Without a process of accountability for those that are giving them Positively or Negatively, its a joke!! 

Now this is funny!

For every positive reputation point that I have received, I have also received negative reputations points for the same post, *So go figure?*

Proberly get one for this one to " Now that would be funny"


----------



## Sarah (May 14, 2005)

you can disable your rep points.....


----------



## Dronak (May 14, 2005)

I think you have to be a paying/supporting member in order to disable reputation points.  Those of us who aren't have to leave it on, we have no choice.

Reputation can be useful, but it should mostly be for fun.  People should read your posts and take them for what they're worth regardless of your reputation total.  They could be affected by it a little, it's sometimes hard not to be, but even with a low or negative reputation, a good post is still a good post.  Try not to worry about it too much.


----------



## Michael Billings (May 14, 2005)

Or at least disable seeing them.

 Points can be given or taken away by Admins if you receive any inappropriate threatening or sexually oriented ones.  Failing that, take them for what they are, someone's opinion.  I always add my name, but it is not for "DEBATE", otherwise they would have said it in the thread.  Think about it guys, how else to give feedback, from multiple people (since you are limited by the frequency you can give points to any one user, until you have spread it around.)  

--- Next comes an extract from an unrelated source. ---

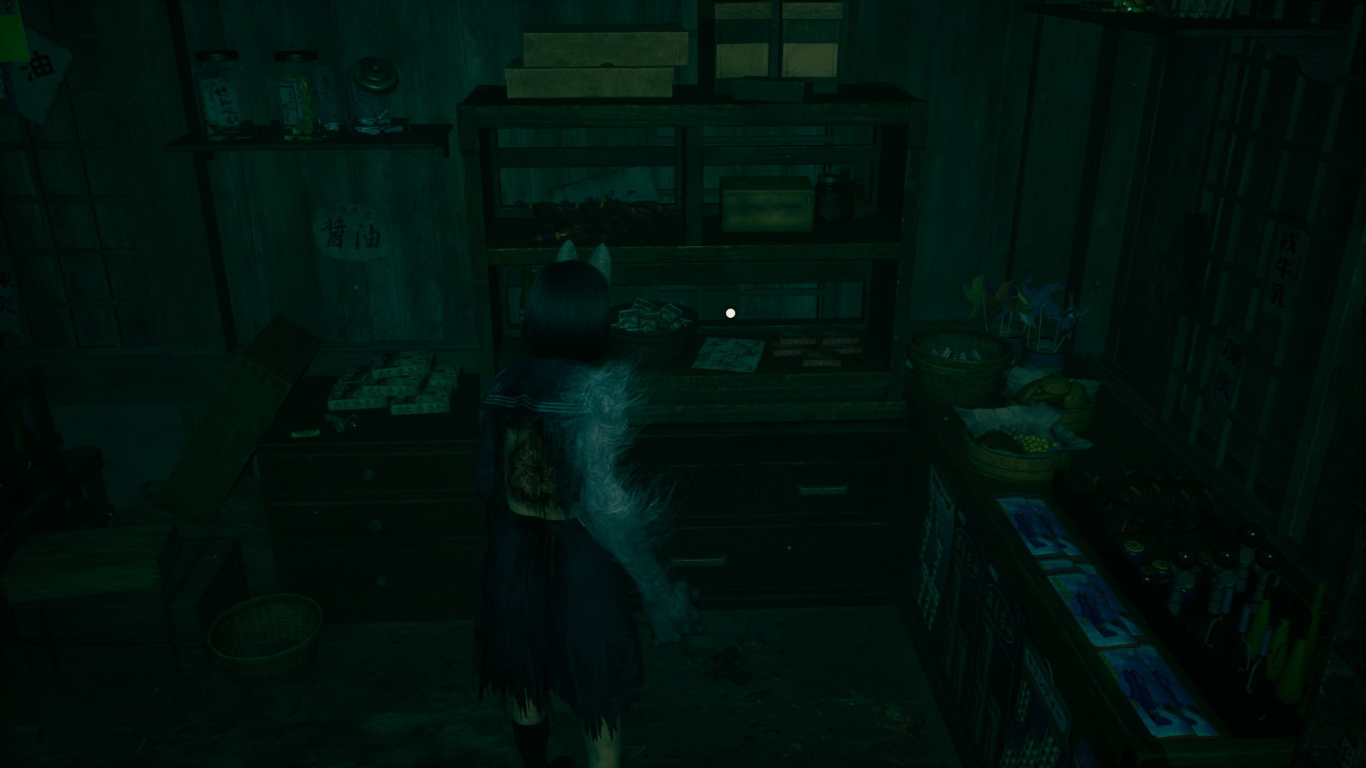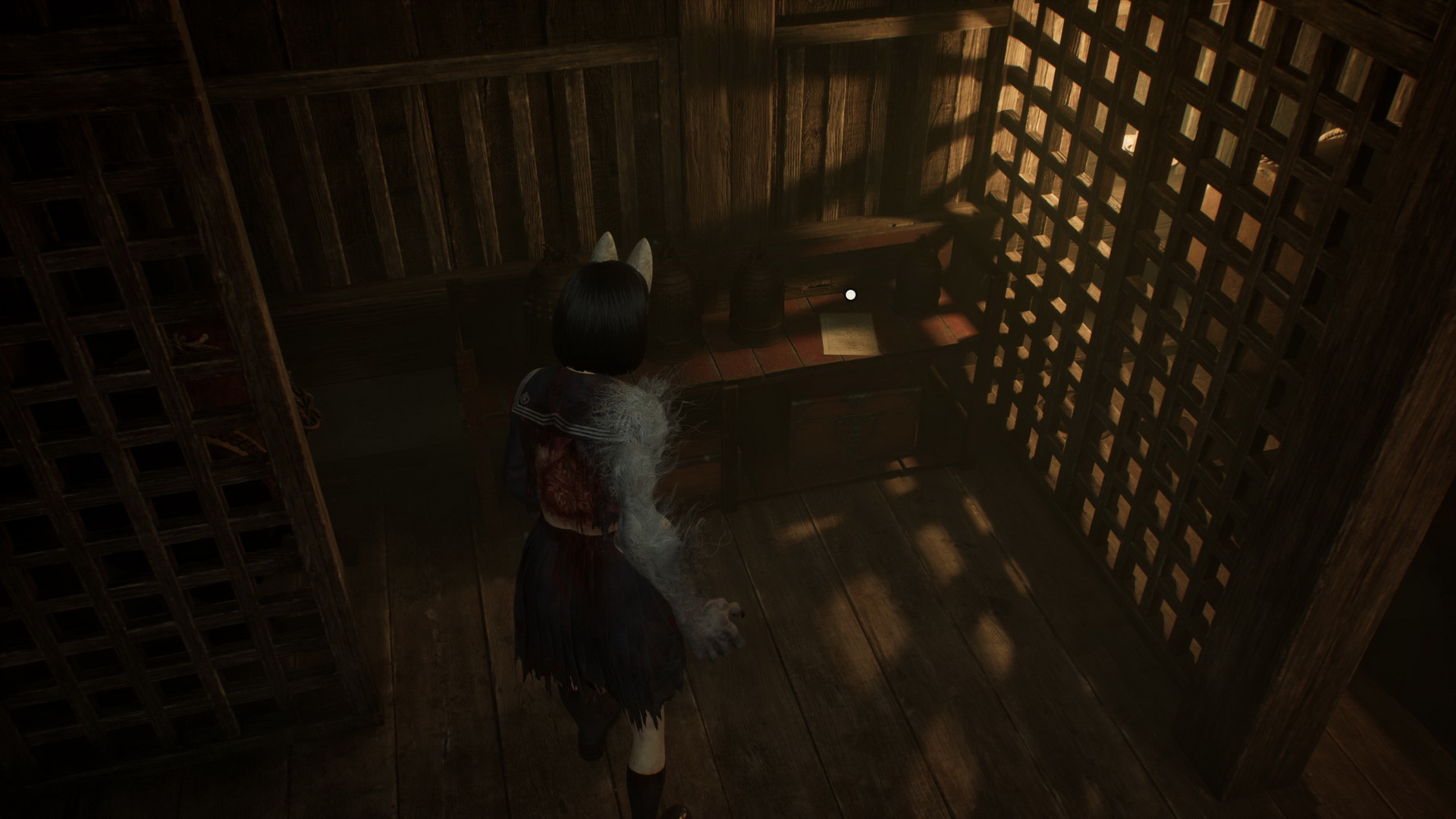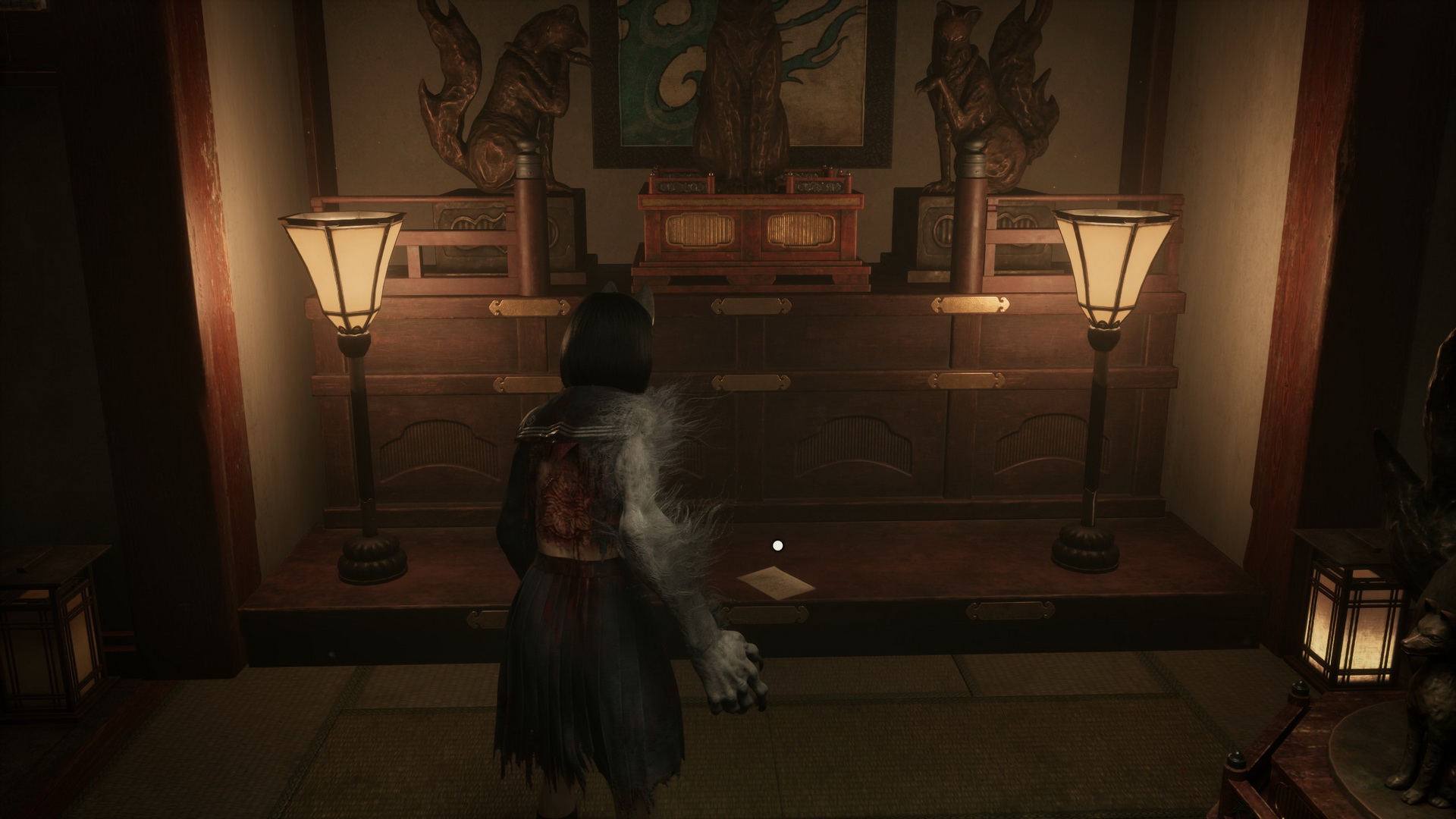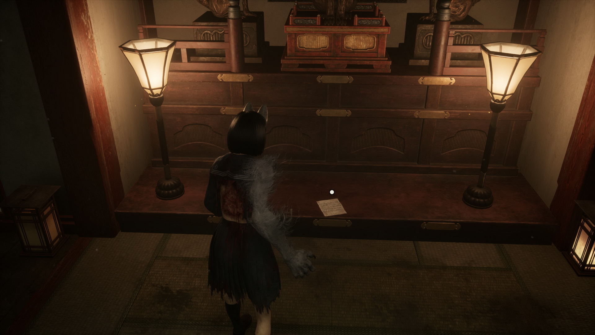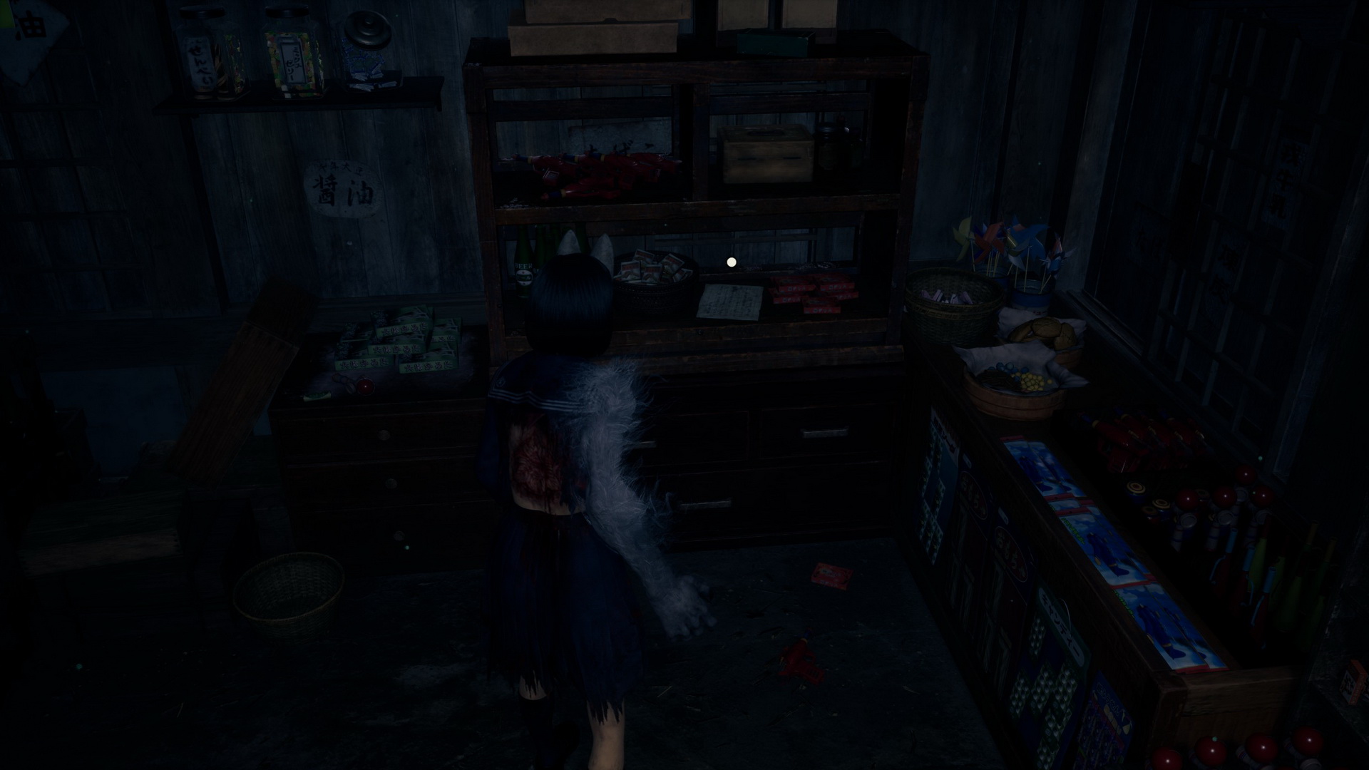 #2Location: Dark Shrine Worship Hall, on a bench in the Chizuruya General Store after flipping the lamp's switch.

 I personally think it can give some valuable feedback for those willing to empty their cup an listen, or read.  It takes more than one person to get into the red, and someone has to concur or you would get it back real quick.  

 I get good and bad, but it is dealt with by PM if I have a problem with it - NOTE: Admins, Mods, Mentors, and Premium Members can see who gives rep points.  If it is that big a deal, spring for the $12 it cost to have an annual membership - a dollar a month, or the cost of two happy meals, gives you access to many other Premium threads and you get to see who zaps or who agrees with you.

 -Michael


----------



## arnisador (May 15, 2005)

Michael Billings said:
			
		

> Premium Members can see who gives rep points.


 Hmmm, how do I do that?

 I got a useful ding not long ago. (A comment about the length of some of my recent posts.) It wasn't signed. Who knows, if it was I might have said "Oh, so-and-so never liked me anyway" and ignored it. Instead, I had to think about just the comment itself. I didn't fully agree with the criticism, but it had merit and I have tried to take it into account.


----------



## Bob Hubbard (May 15, 2005)

Correction: Premiuim members can't see who gave rep, but they can disable their rep display.


----------



## Jonathan Randall (May 26, 2005)

thepanjr said:
			
		

> Thanks for all those comments you gave me and im still trying to catch up.


That's the way to get reputation. You asked a reasonable question and remained open to suggestions then thanked those who responded with constructive criticism. I added to your reputation today and I believe others may have as well. Best of luck in you MA endeavors.


----------